July baking challenge: Raspberry loaf cake
Hi again! Ready for July's baking challenge? We've got an irresistible delicacy for y'all: a raspberry loaf cake--light, fluffy, and full of fresh, exciting flavors. It might just become your new favorite. The combination of raspberries, the special touch of Vainilla Molina, and a tangy lemon glaze, makes it a summer must. Let's get to the ingredients!
You´re going to need these wet ingredients:
1/2 cup Greek yogurt
3/4 cup milk
1/2 cup sugar
4 tbsp sunflower oil
A big splash of Vainilla Molina
1 cup fresh raspberries
These dry ingredients:
2 cups all-purpose flour
2 tsp baking powder
1/4 tsp salt
1 tsp cornstarch
And for the delicious glaze:
1 cup powdered sugar
1½ tbsp milk
1 tbsp lemon juice
A big splash of Vainilla Molina Clear
Directions:
1. Preheat oven to 350 °F / 175 °C.
2. Grease and line a loaf pan with parchment paper.
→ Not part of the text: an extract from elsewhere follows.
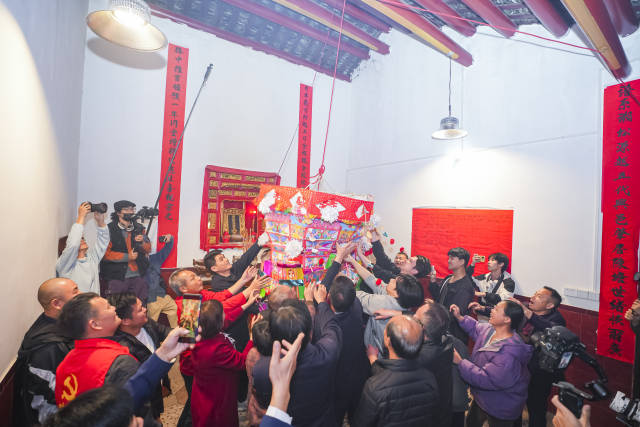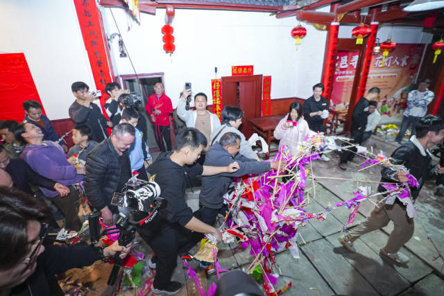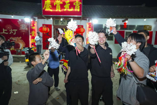 临近午夜,烟花秀点亮夜空。随后,活动在“抢花灯”环节达到最高潮。随着象征吉庆的“添丁灯”被取下,现场人群瞬间涌向前方,争相触碰、传递甚至轻轻争夺这盏吉祥之物。按照传统,最终接得花灯的家庭,被认为接下了新一年人丁兴旺、好运相伴的美好寓意。在热烈非凡的民间欢腾中,暖灯盛会圆满落幕。

3. Wash and pat dry raspberries with a paper towel.
4. In a large bowl, mix wet ingredients until sugar dissolves. Don't add raspberries yet!
5. In another bowl, whisk dry ingredients.
6. Pour wet mixture over dry mixture and whisk until just combined.
7. Add corn starch and raspberries to a medium bowl and toss to coat.
8. Gently fold raspberries into cake batter.
9. Pour batter into prepped pan.
10. Bake for 50 minutes or until an inserted toothpick comes out clean.
11. Let cake cool for 10 minutes in pan, then transfer to a cooling rack. Must be completely cool before glazing.
12. For glaze, whisk powder sugar, milk, lemon juice and Vainilla Molina Clear.
13. Spoon over cooled cake, top with fresh raspberries and enjoy!
As you can see, there's not much too it! We know you'll enjoy this delectable summer recipe.